6. At all meetings of the Board, one-third of the number of Directors then in office,
but not less than three, shall constitute a quorum of the Board for the transaction
of business and the action of majority of the Directors present at any meeting at
which there is a quorum shall be the act of the Board of Directors.
7. Any action required or permitted to be taken at any meeting of the Board of
Directors may be taken without a meeting provided two-thirds of the members of
the Board consent thereto and confirm this vote at the next meeting of the Board
of Directors so that the action is recorded in the next minutes.

ARTICLE VII
COMMITTEES:
1. Committees of the Group may be appointed from time to time by the President to
serve at the discretion of the President.
2 The Nominating Committee shall consist of three members, at least one of whom
is not a member of the Board of Directors.
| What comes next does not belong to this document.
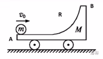 问:小球运动到点 B 后,能达到的最大高度是多少(水平共速模型)。

It shall be its responsibility to present
a slate of officers and directors to the membership.

ARTICLE VIII
MEETINGS:
1. The Meetings of the Group shall consist of an annual meeting and such other
meetings as may be called by the President or by the Board of Directors.
2. The membership shall be given notice of the time and place of Group meetings by
mail or telephone.
3. The annual meeting of the Group shall be held following the year- end, at a time
and place to be determined by the President. The Secretary shall give written
notice to the membership not less than fourteen days prior to the date.
Election of Officers and Directors shall take place at this meeting.
4. At a meeting of the membership, a quorum shall consist of one tenth of the number
of currently active members.
5. The order of business for the Group shall be:- Roll Call, Approval of Minutes,
Matters Arising out of the Minutes, Officers’ reports, Committee reports,
Unfinished business, New business, Adjournment.
6. The business of the Group shall be governed by the current edition of Robert’s
Rules of Order.

ARTICLE IX
COMPENSATION
No officer, director, or member of the Group shall receive salary, compensation, or fee for services rendered except that any officer, director or member may be reimbursed for reasonable expenses incurred in connection with carrying out duties on behalf of the Group. The Board of Directors may, after due deliberation, refuse to reimburse any expense it considers unreasonable, excessive or overly burdensome to the Group.

ARTICLE X
DISPOSITION OF ASSETS UPON DISSOLUTION
In the event of dissolution of the Group or other termination of its activities, all monies shall be paid over or transferred in equal amounts to the Bermuda Equestrian Federation.

ARTICLE XI
BYE- LAWS
The Bye-Laws of the Bermuda Dressage Group as herein provided, except Article X hereof, may be altered, amended or repealed, or new Bye-laws may be adopted by the members or the Board of Directors. Notice of said alteration, amendment, repeal or adoption of new Bye-laws be contained in the notice of said meeting and shall be approved by two-thirds of the active members present at said meeting.

The Provision contained in Article X hereof shall remain in full force and effect and shall not be altered, amended, or repealed except by the vote of two thirds of the membership.